Overall, fuzzy decision trees are a powerful machine learning technique that can be
used to make decisions based on uncertain or imprecise data. They extend traditional
decision trees by allowing for degrees of membership to each category or class, and
can help to improve the accuracy and robustness of machine learning models.
Stochastic Search Methods
Stochastic search methods are a class of optimization algorithms that use probabilistic
techniques to search for the optimal solution in a large search space. These methods
are commonly used in machine learning to find the best set of parameters for a model,
such as the weights in a neural network or the parameters in a regression model.
Stochastic search methods are often used when the search space is too large to
exhaustively search all possible solutions, or when the objective function is highly
nonlinear and has many local optima.
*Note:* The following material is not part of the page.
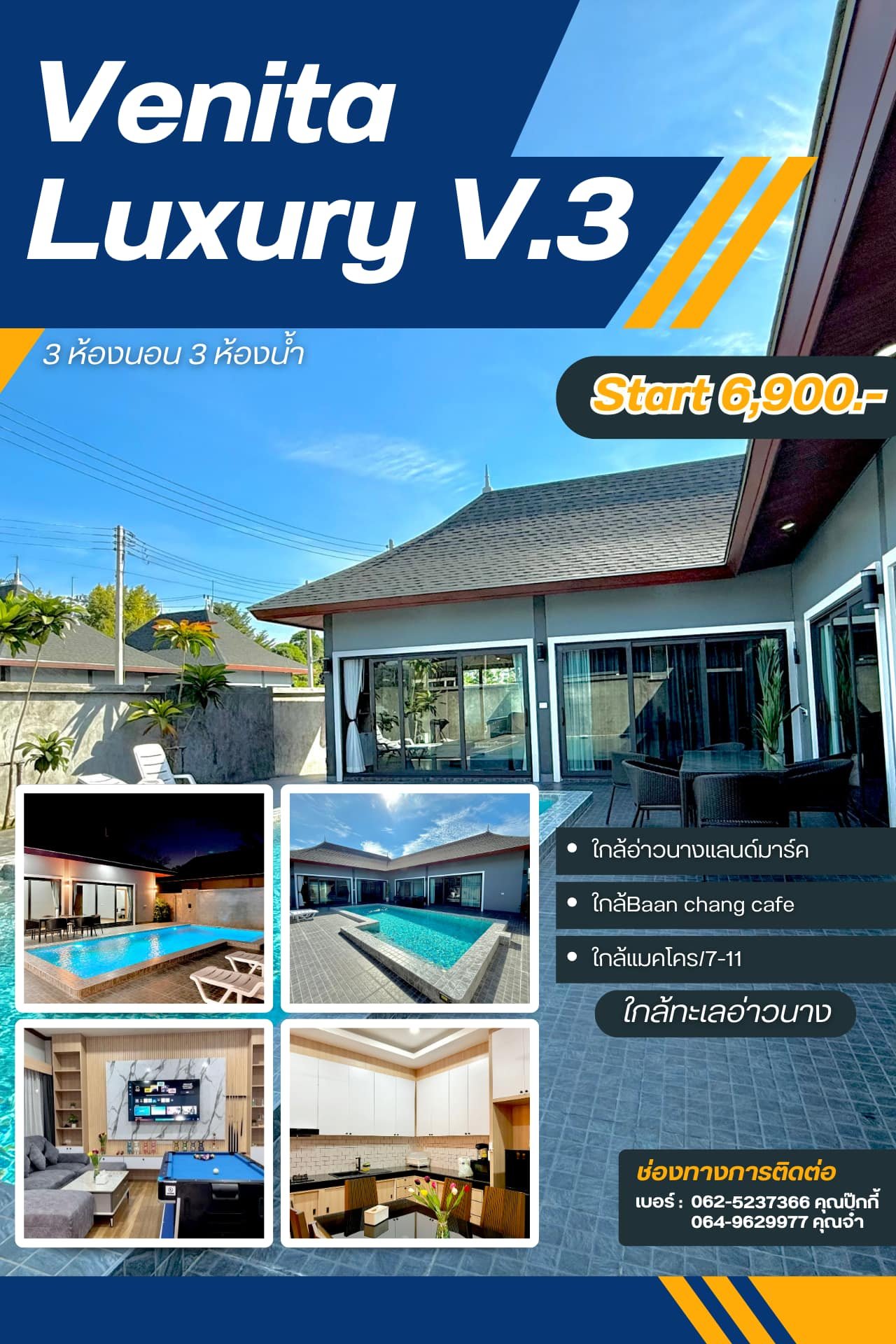 Venita Luxury Poolvilla V.3 offers 3 bedrooms, 3 bathrooms, 1 kitchen, 1 living room, and 2 parking spaces. It can accommodate 68 guests, with extra beds available for up to 5 additional guests. Children under 7 years old stay free (up to 3 children). Highlights include a spacious swimming pool with a 4-jet jacuzzi spa for ultimate relaxation, fancy floaties for stylish photo ops, and a pool table for fun-filled activities throughout your stay perfect for families or groups looking for a luxurious, private retreat.

The basic idea behind these methods is to
explore the search space by randomly sampling solutions and using probabilistic
techniques to move towards better solutions.
One common stochastic search method is called the stochastic gradient descent (SGD)
algorithm. In this method, the objective function is optimized by iteratively updating
the parameters in the directionof the negative gradient of the objective function. The
update rule includes a learning rate, which controls the step size and the direction of
the update. SGD is widely used in training neural networks and other deep learning
models.
Another stochastic search method is called simulated annealing. This method is based
on the physical process of annealing, which involves heating and cooling a material to
improve its properties. In simulated annealing, the search process starts with a high
temperature and gradually cools down over time. At each iteration, the algorithm
randomly selects a new solution and computes its fitness. If the new solution is better
than the current solution, it is accepted. However, if the new solution is worse, it may
still be accepted with a certain probability that decreases as the temperature decreases.
Other stochastic search methods include evolutionary algorithms, such as genetic
algorithms and particle swarm optimization, which mimic the process of natural
selection and evolution to search for the optimal solution.
Overall, stochastic search methods are powerful optimization techniques that are
widely used in machine learning and other fields. These methods allow us to
efficiently search large search spaces and find optimal solutions in the presence of
noise, uncertainty, and nonlinearity.